Install and configure the application in Sphinx. Sphinx install and configure the application. sphinx install and configure sphoff is a full-text search engine developed by Russian AndrewAksyonoff. It is intended to provide other applications with high-speed, space occupation, high-end Sphinx installation and configuration applications, and sphinx installation and configuration
Sphoff is a full-text search engine developed by Russian Andrew Aksyonoff. It is intended to provide other applications with full-text search functions featuring high speed, space occupation, and high result relevance. Sphinx can be easily integrated with SQL databases and scripting languages. Currently, the built-in MysqL and PostgreSQL database data sources support reading xml data in a specific format from standard input. By modifying the source code, you can add new data sources (for example, native support for other types of DBMS)

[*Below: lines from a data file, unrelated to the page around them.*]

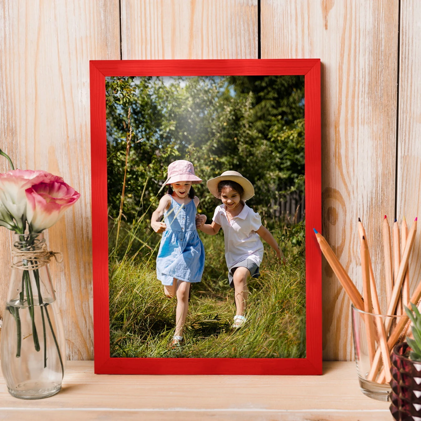 Set of 5 Red photo frames 8 x 10 in (20 x 25 cm), made of natural wood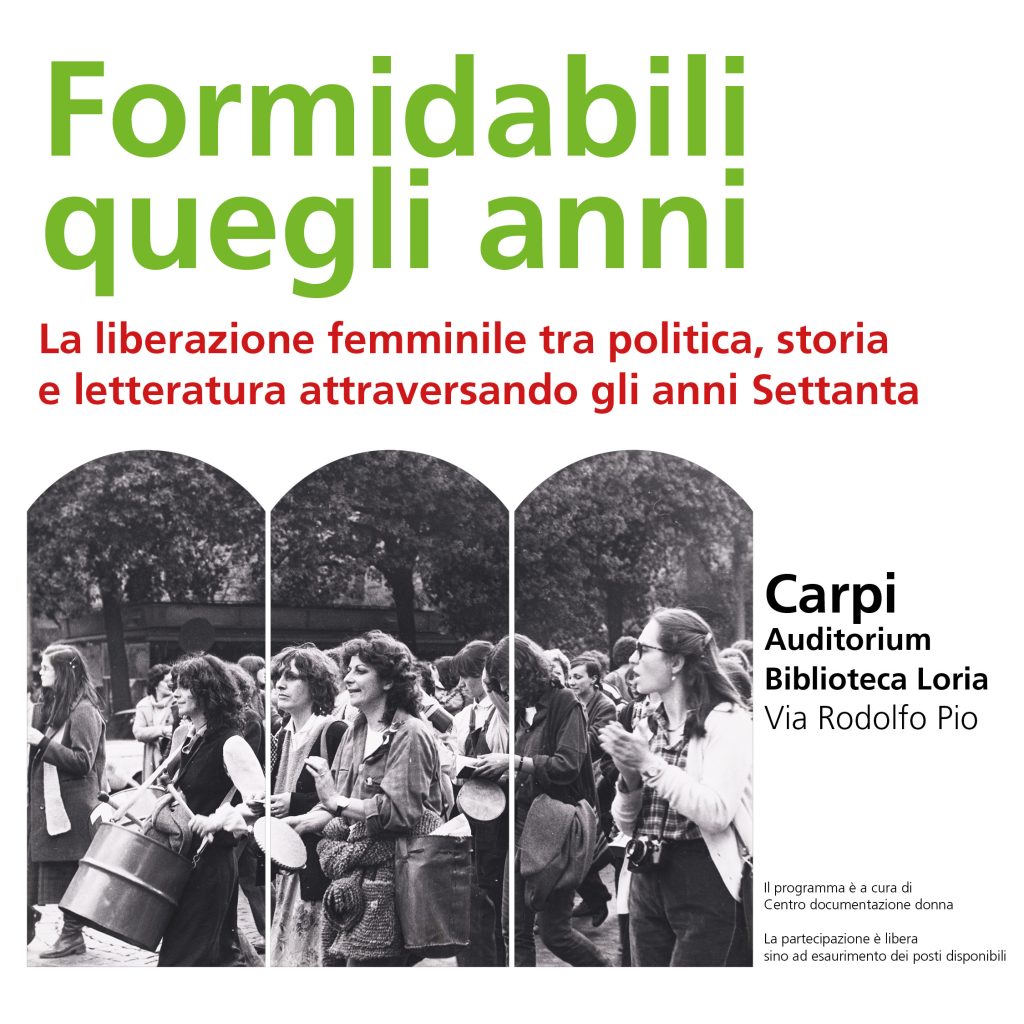 Primo appuntamento del ciclo di incontri “Formidabili quegli anni. La liberazione femminile tra politica, storia e letteratura attraversando gli anni Settanta” promossa da Università per libera età Natalia Ginzburg di Carpi, Centro documentazione donna e Istituto storico di Modena: sabato 8 febbraio 2025 ore 17.00 presso l’Auditorium Biblioteca A. Loria di Carpi Modificazione di sé […]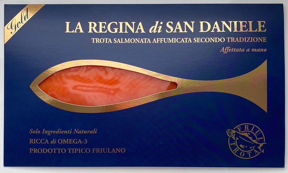 la Regina di San Daniele, la trota affumicata a freddo pensata per far compagnia al Re di San Daniele, quel prosciutto crudo già famoso in tutto il mondo.
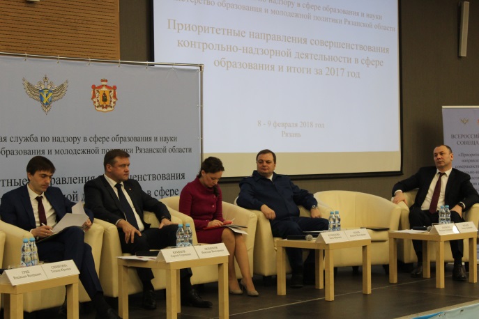 С 8 по 9 февраля в Рязани прошло Всероссийское совещание «Приоритетные направления совершенствования контрольно-надзорной деятельности в сфере образования и итоги за 2017 год». Его участниками стали порядка 400 руководителей профильных ведомств из всех регионов страны, представителей надзорных органов, правоохранительных структур, учреждений по повышению квалификации педагогических кадров.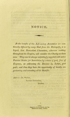 London Vaccine Institution : for inoculating and supplying matter, free of expense. Patronized by His Majesty's ministers, members of both houses of Parliament, the Hon. the East India Company, and the Corporation of the City of London. Established in 1806, and supported by voluntary contributions.

1. sphsf-chinese word segmentation
Chinese full-text search is based on semantics. Currently, most databases do not support Chinese full-text search, such as Mysql. If you need to search the full text of Chinese characters, you also need some plug-ins, such as coreseek and sfc.
- CoreseekIt is the most widely used sphinx full-text search. It provides a Chinese word segmentation package designed for Sphinx.LibMMSeg. It also provides binary distributions for multiple systems, including rpm, deb, and binary packages in windows.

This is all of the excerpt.